Job Description
Position: Principal Site Reliability Engineering Specialist (SRE)
Position
Description
Location:
Edmonton
Open to other locations within proximity to a CGI Office
Hybrid work model
We are hiring a Senior Site Reliability Engineer (SRE) with a strong foundation in building and operating reliable, scalable, and resilient cloud platforms. You bring a reliability and performance engineering mindset to everything you do—balancing operational stability with modernization and automation. In this role, you will apply core SRE practices—including SLIs/SLOs, observability, incident management, and operational automation—while temporarily supporting a regional support strategy engagement focused on assessing and strengthening large-scale operational environments.
You will work closely with platform, operations, and architecture teams to evaluate current-state practices, identify reliability and support gaps, and contribute to the definition of future-state operating models and implementation roadmaps. Beyond this engagement, the role is designed for ongoing, hands-on SRE delivery, where you will lead and implement monitoring, reliability engineering, automation, and tooling across cloud and hybrid environments.
You will collaborate with cross-functional teams to design, build, and continuously improve platform reliability, engineering standards, and operational excellence practices for mission-critical services. This position places you in a client-facing, high-impact environment, where your technical depth, operational judgment, and ability to translate reliability principles into practical outcomes will directly influence service stability, modernization efforts, and future cloud initiatives. If you are a proven SRE who thrives in complex environments and values both hands-on engineering and operational leadership, this role offers the opportunity to make a meaningful and lasting impact.

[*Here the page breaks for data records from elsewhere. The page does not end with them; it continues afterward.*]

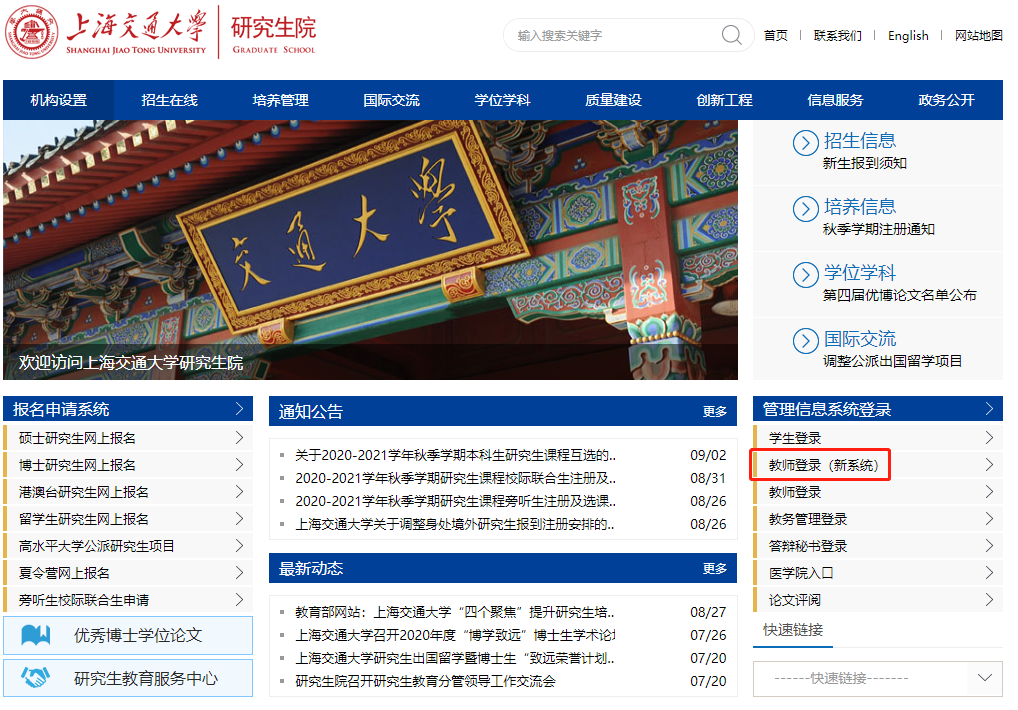 b)打开研究生院主页(http://www.gs.sjtu.edu.cn),点击“教师登录(新系统)”:
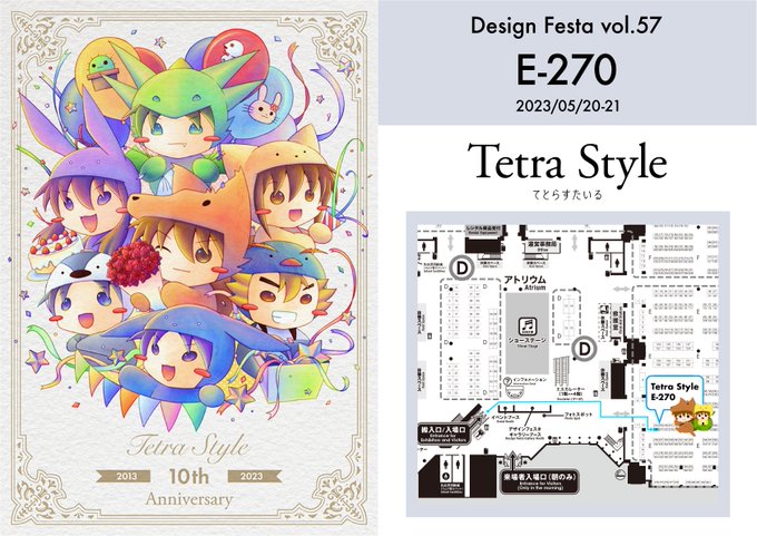 Tetra Styleは今年で10周年! 当日はお祝いメッセージ募集の企画も♪ メッセージを書いてくださった方にはイラストのチェキ風カードをプレゼントします✨ #デザフェス57 🌟Tetra Style 🌟ブースNo.E-270 🌟5/20-21(両日) #GW創作クラスタフォロー祭 #デザフェスお品書き @designfesta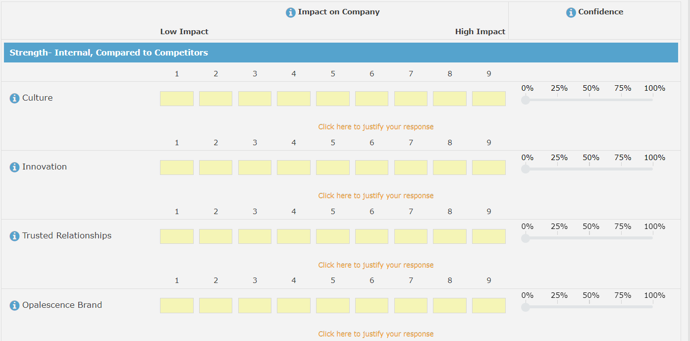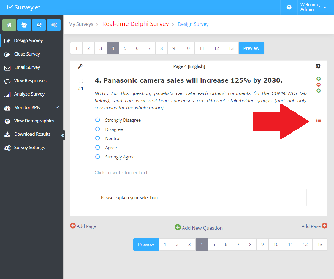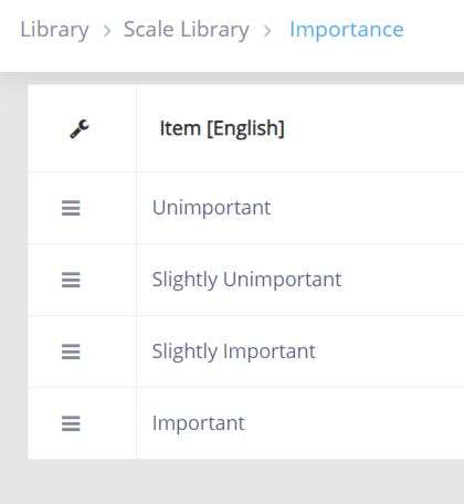 The Importance rating scale is set up with 4 points from negative to positive (which is the standard format in Delphi surveys). You may add as many Likert scale points as you please.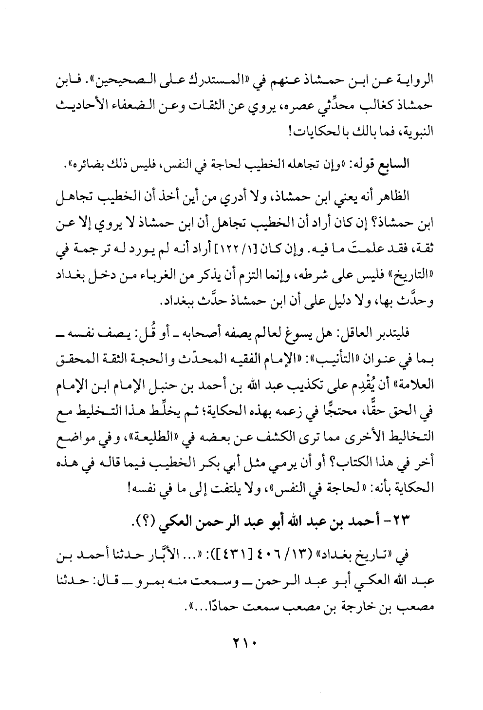 فليتدبر العاقل: هل يسوغ لعالم يصفه أصحابه ــ أو قُل: يصف نفسه ــ بما في عنوان «التأنيب»: «الإمام الفقيه المحدّث والحجة الثقة المحقق العلامة» أن يُقْدِم على تكذيب عبد الله بن أحمد بن حنبل الإمام ابن الإمام في الحق حقًّا، محتجًّا في زعمه بهذه الحكاية؛ ثم يخلِّط هذا التخليط مع التخاليط الأخرى مما ترى الكشف عن بعضه في «الطليعة»، وفي مواضع أخر في هذا الكتاب؟ أو أن يرمي مثل أبي بكر الخطيب فيما قاله في هذه الحكاية بأنه: «لحاجة في النفس»، ولا يلتفت إلى ما في نفسه!

Your future duties and responsibilities:
Who are You?
You are a senior Site Reliability Engineer who thrives on solving complex reliability and operational challenges are curious, collaborative, and continuously focused on improving how platforms, infrastructure, and services are operated and supported. Your strength lies in applying sound engineering judgment to real-world operational problems, balancing reliability, performance, and maintainability. You are equally comfortable working hands-on with tools and systems and stepping back to assess how operational practices, support models, and workflows impact service reliability.
You can engage confidently in technical discussions with engineers while also communicating clearly with operational leaders and stakeholders to explain risks, trade-offs, and improvement opportunities.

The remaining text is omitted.